* [Data shown]
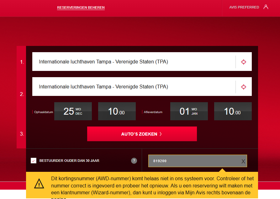 Bij mij doet Avis.nl ook lastig. Herkent mijn login niet, en Los Angeles vindt hij niet. LAX evenmin. Tot ik eens Angeles probeerde en jawel hoor, dan komt er wat
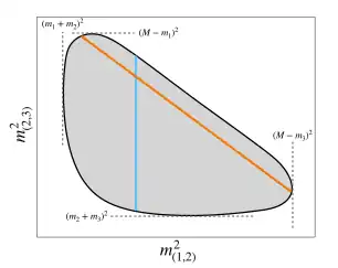 The Dalitz plot is a two-dimensional plot often used in particle physics to represent the relative frequency of various (kinematically distinct) manners in which the products of certain (otherwise similar) three-body decays may move apart.[2][3]
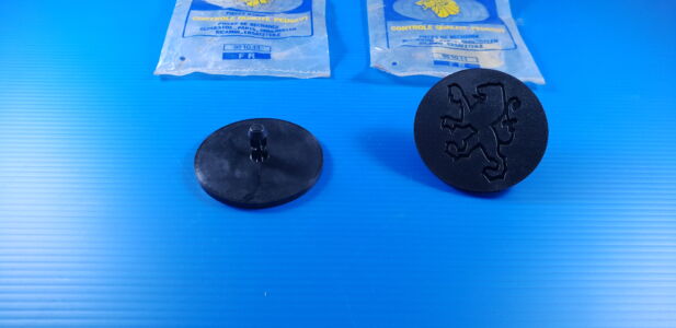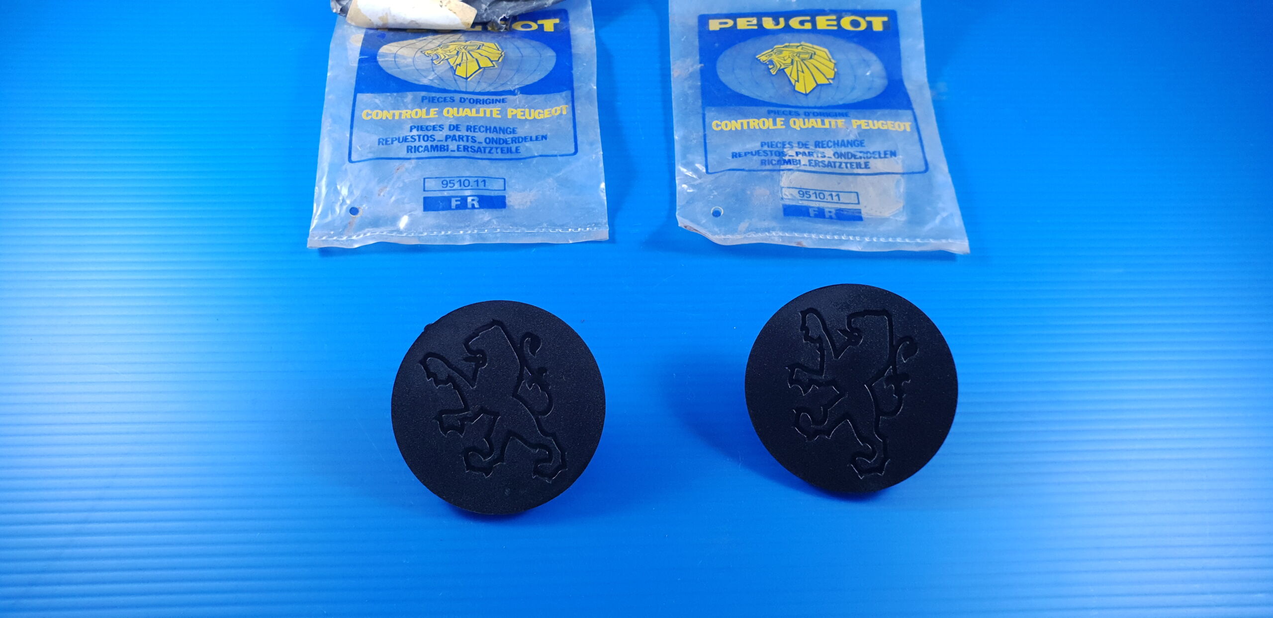 Paire d’enjoliveurs caches centraux de roue avec lion, fixation sur enjoliveur en plastique, pièce neuve d’origine PEUGEOT.
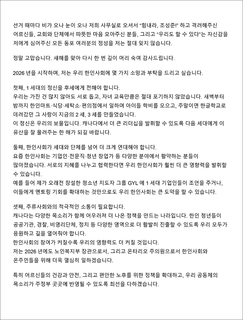 조 장관은 아울러 “2026년에도 노인복지부 장관으로, 그리고 온타리오 주의원으로 한인사회와 온주민들을 위해 더욱 열심히 일하겠다.”고 다짐했다.
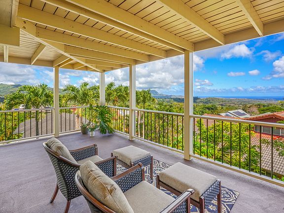 Spacious Home with Panoramic Views on Kauai’s South Shore. This custom 5-bedroom, 4.5-bath multi-level home offers sweeping views of the ocean, mountains, valleys, and hillsides from all three floors. Enjoy stunning South Shore sunrises and flexible living for large families, multi-gen use, hosting guests, or generating rental income.<br><br>Main Level - unescapable views:<br>The heart of the home features a spacious kitchen (with direct entry from the two-car garage), the dining area, and a vaulted-ceiling living room, all oriented to showcase stunning vistas. Several sliding-glass doors open to the large, wraparound lanai, ideal for outdoor enjoyment. This Level also includes a versatile flex room (office, bedroom, workout, etc.), a half bath, a laundry room, and the front door entry.<br><br>Upper Level - Wake up to the sunrise:<br>The primary suite features all the views, vaulted ceilings, a walk-in closet, an en-suite bath with soaking tub and separate shower, and a private lanai. Another bedroom and a full bath complete the upper floor.<br><br>Lower Level - views, covered lanai, level yard space, flexible Living, and rental option:<br>The fully finished lower Level includes two bedrooms, two baths, a living area with a wet bar and lounge space, and another generous, fully covered/shaded lanai. With both interior and exterior access, it’s perfect for guests, kids, extended family, or rental use. Per County guidelines, it may qualify as a legal ADU (buyer to verify). <br><br>Recent $150,000 improvements to the structure, foundation, lanais, and overall refresh are now complete. Priced well below the area’s average price per sq ft, this home offers excellent value.<br><br>Conveniently located between PMRF and Lihue on Kauai’s southwest side, this home blends scenic views, versatile living space, and investment potential.<br><br>The seller is relocating and wants to close quickly. Easy to show. Bring all offers.<br><br>https://player.vimeo.com/video/1122324218
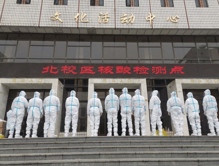 疫情形势严峻,21级硕士研究生宋姗第一时间报名参加了南校区核酸检测的志愿工作。志愿者们的主要工作是扫描同学们的一码通以及采样管上的二维码,并核对身份信息,确保身份信息与采样管号码对应。同时,帮助医护人员及时补充材料,协助医护人员进行采样。医护人员每完成一个人的采样,都需要消毒,在医护人员的指导下,志愿者们学会了怎样正确地脱掉防护服并及时进行消毒。
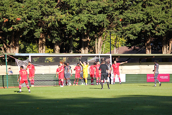 From the 70th minute we saw many breaks in play, and it appeared Northwood’s best defender on the day was the linesman and his offside flag – much to the frustration of the Merstham players. The fans remained in full voice and created an amazing atmosphere which certainly contributed to Northwood’s willingness to keep hold of the lead. That stubbornness was nearly broken during stoppage time, however, as Sankoh raced down the left wing and zipped a good ball into the box and directly onto the head of Lewis. With the game he had, you would’ve bet money on him to bag another but in this instance, it just wasn’t meant to be as he smacked the bar from close range.
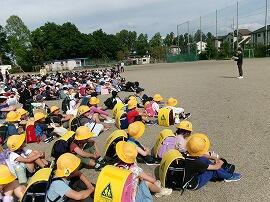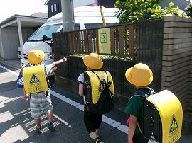 5月17日(金),スクールガードチーフであり地域協議会長の鈴木美千男さんのお話を聞いた後,安全対策委員さんが各下校班についてくださり,「こども110番の家」を確認しながら下校しました。
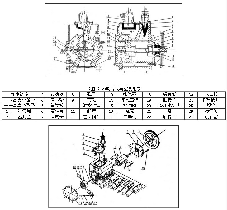 2X旋片式真空泵由泵體、高轉(zhuǎn)子、低轉(zhuǎn)子、前端板、后端板、高轉(zhuǎn)片、低轉(zhuǎn)片、排氣閥、排氣罩、視鏡等零部件組成。見圖2、圖3。
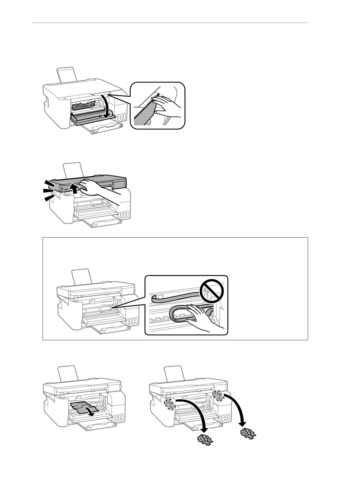 Do not touch the parts shown in the illustration inside the printer. Doing so may cause a malfunction.
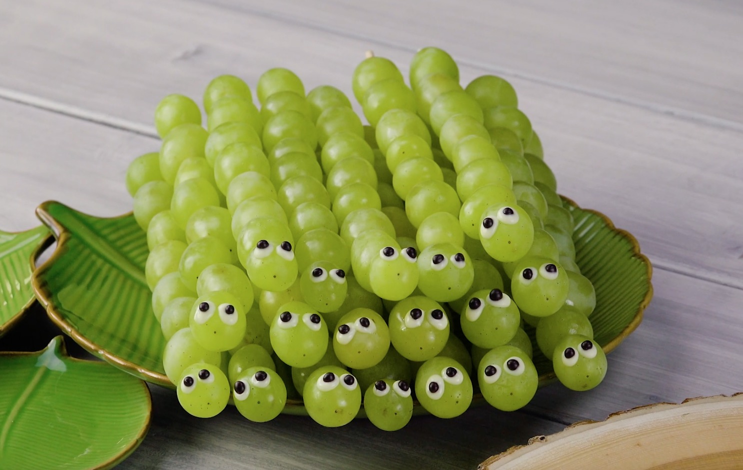 Stecke die Trauben auf den Schaschlikspieß. Gib zwei Tupfer der weißen Schokolade vorne auf die erste Traube und setze anschließend die Schokoperlen darauf. Dann ist das Würmchen bereit für den Verzehr!
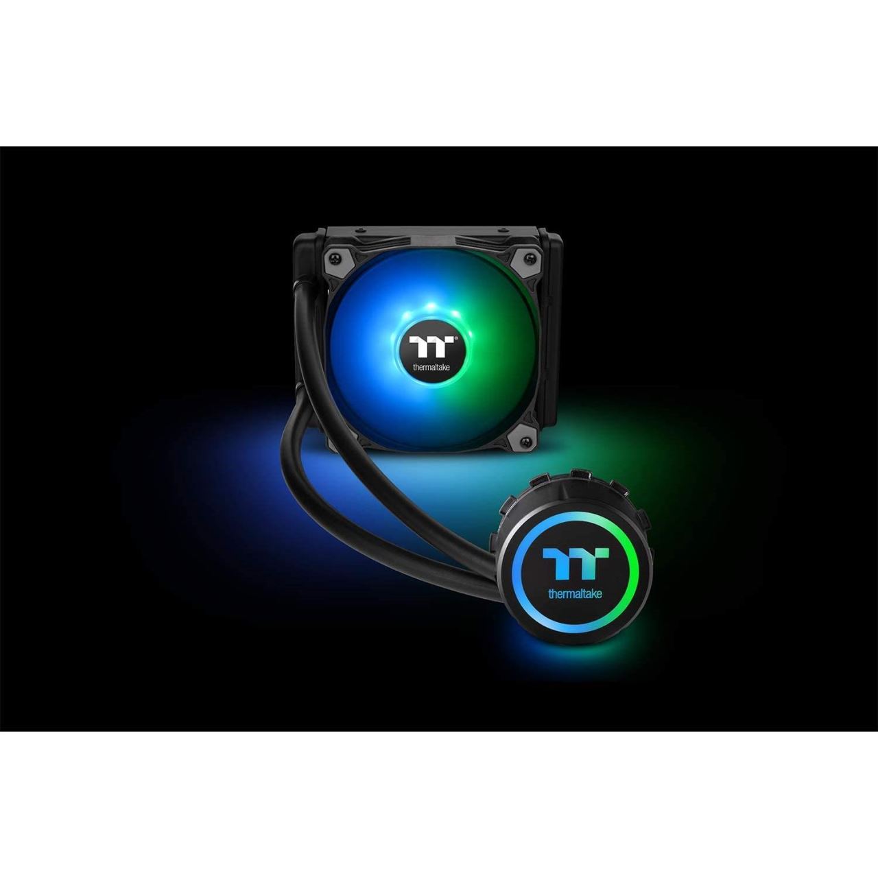 Cooler procesor cu lichid Thermaltake TH120 ARG, CPU ventilatoar aRGB 120mm (iluminare RGB adresabila in 16.8 milioane de culori, include controller pentru iluminarea LED, 1500 RPM, 59.28 CFM, 28.8 dBA), pompa silentioasa (3300 RPM), dimensiuni radiator: 153x 120 x 27 mm, lungime tub: 400mm, sincronizare aRGB cu placi compatibile AMD FM2/FM1/AM4/AM3+/AM3/AM2+/AM2 / Intel LGA 1156/1155/1151/1150, greutate: 955g

* [Try it] The reply must match the records exactly, apart from the pictures, which are left out.

* [The answer]
 Bij mij doet Avis.nl ook lastig. Herkent mijn login niet, en Los Angeles vindt hij niet. LAX evenmin. Tot ik eens Angeles probeerde en jawel hoor, dan komt er wat
 The Dalitz plot is a two-dimensional plot often used in particle physics to represent the relative frequency of various (kinematically distinct) manners in which the products of certain (otherwise similar) three-body decays may move apart.[2][3]
 Paire d’enjoliveurs caches centraux de roue avec lion, fixation sur enjoliveur en plastique, pièce neuve d’origine PEUGEOT.
 조 장관은 아울러 “2026년에도 노인복지부 장관으로, 그리고 온타리오 주의원으로 한인사회와 온주민들을 위해 더욱 열심히 일하겠다.”고 다짐했다.
 Spacious Home with Panoramic Views on Kauai’s South Shore. This custom 5-bedroom, 4.5-bath multi-level home offers sweeping views of the ocean, mountains, valleys, and hillsides from all three floors. Enjoy stunning South Shore sunrises and flexible living for large families, multi-gen use, hosting guests, or generating rental income.<br><br>Main Level - unescapable views:<br>The heart of the home features a spacious kitchen (with direct entry from the two-car garage), the dining area, and a vaulted-ceiling living room, all oriented to showcase stunning vistas. Several sliding-glass doors open to the large, wraparound lanai, ideal for outdoor enjoyment. This Level also includes a versatile flex room (office, bedroom, workout, etc.), a half bath, a laundry room, and the front door entry.<br><br>Upper Level - Wake up to the sunrise:<br>The primary suite features all the views, vaulted ceilings, a walk-in closet, an en-suite bath with soaking tub and separate shower, and a private lanai. Another bedroom and a full bath complete the upper floor.<br><br>Lower Level - views, covered lanai, level yard space, flexible Living, and rental option:<br>The fully finished lower Level includes two bedrooms, two baths, a living area with a wet bar and lounge space, and another generous, fully covered/shaded lanai. With both interior and exterior access, it’s perfect for guests, kids, extended family, or rental use. Per County guidelines, it may qualify as a legal ADU (buyer to verify). <br><br>Recent $150,000 improvements to the structure, foundation, lanais, and overall refresh are now complete. Priced well below the area’s average price per sq ft, this home offers excellent value.<br><br>Conveniently located between PMRF and Lihue on Kauai’s southwest side, this home blends scenic views, versatile living space, and investment potential.<br><br>The seller is relocating and wants to close quickly. Easy to show. Bring all offers.<br><br>https://player.vimeo.com/video/1122324218
 疫情形势严峻,21级硕士研究生宋姗第一时间报名参加了南校区核酸检测的志愿工作。志愿者们的主要工作是扫描同学们的一码通以及采样管上的二维码,并核对身份信息,确保身份信息与采样管号码对应。同时,帮助医护人员及时补充材料,协助医护人员进行采样。医护人员每完成一个人的采样,都需要消毒,在医护人员的指导下,志愿者们学会了怎样正确地脱掉防护服并及时进行消毒。
 From the 70th minute we saw many breaks in play, and it appeared Northwood’s best defender on the day was the linesman and his offside flag – much to the frustration of the Merstham players. The fans remained in full voice and created an amazing atmosphere which certainly contributed to Northwood’s willingness to keep hold of the lead. That stubbornness was nearly broken during stoppage time, however, as Sankoh raced down the left wing and zipped a good ball into the box and directly onto the head of Lewis. With the game he had, you would’ve bet money on him to bag another but in this instance, it just wasn’t meant to be as he smacked the bar from close range.
 5月17日(金),スクールガードチーフであり地域協議会長の鈴木美千男さんのお話を聞いた後,安全対策委員さんが各下校班についてくださり,「こども110番の家」を確認しながら下校しました。
 2X旋片式真空泵由泵體、高轉(zhuǎn)子、低轉(zhuǎn)子、前端板、后端板、高轉(zhuǎn)片、低轉(zhuǎn)片、排氣閥、排氣罩、視鏡等零部件組成。見圖2、圖3。
 Do not touch the parts shown in the illustration inside the printer. Doing so may cause a malfunction.
 Stecke die Trauben auf den Schaschlikspieß. Gib zwei Tupfer der weißen Schokolade vorne auf die erste Traube und setze anschließend die Schokoperlen darauf. Dann ist das Würmchen bereit für den Verzehr!
 Cooler procesor cu lichid Thermaltake TH120 ARG, CPU ventilatoar aRGB 120mm (iluminare RGB adresabila in 16.8 milioane de culori, include controller pentru iluminarea LED, 1500 RPM, 59.28 CFM, 28.8 dBA), pompa silentioasa (3300 RPM), dimensiuni radiator: 153x 120 x 27 mm, lungime tub: 400mm, sincronizare aRGB cu placi compatibile AMD FM2/FM1/AM4/AM3+/AM3/AM2+/AM2 / Intel LGA 1156/1155/1151/1150, greutate: 955g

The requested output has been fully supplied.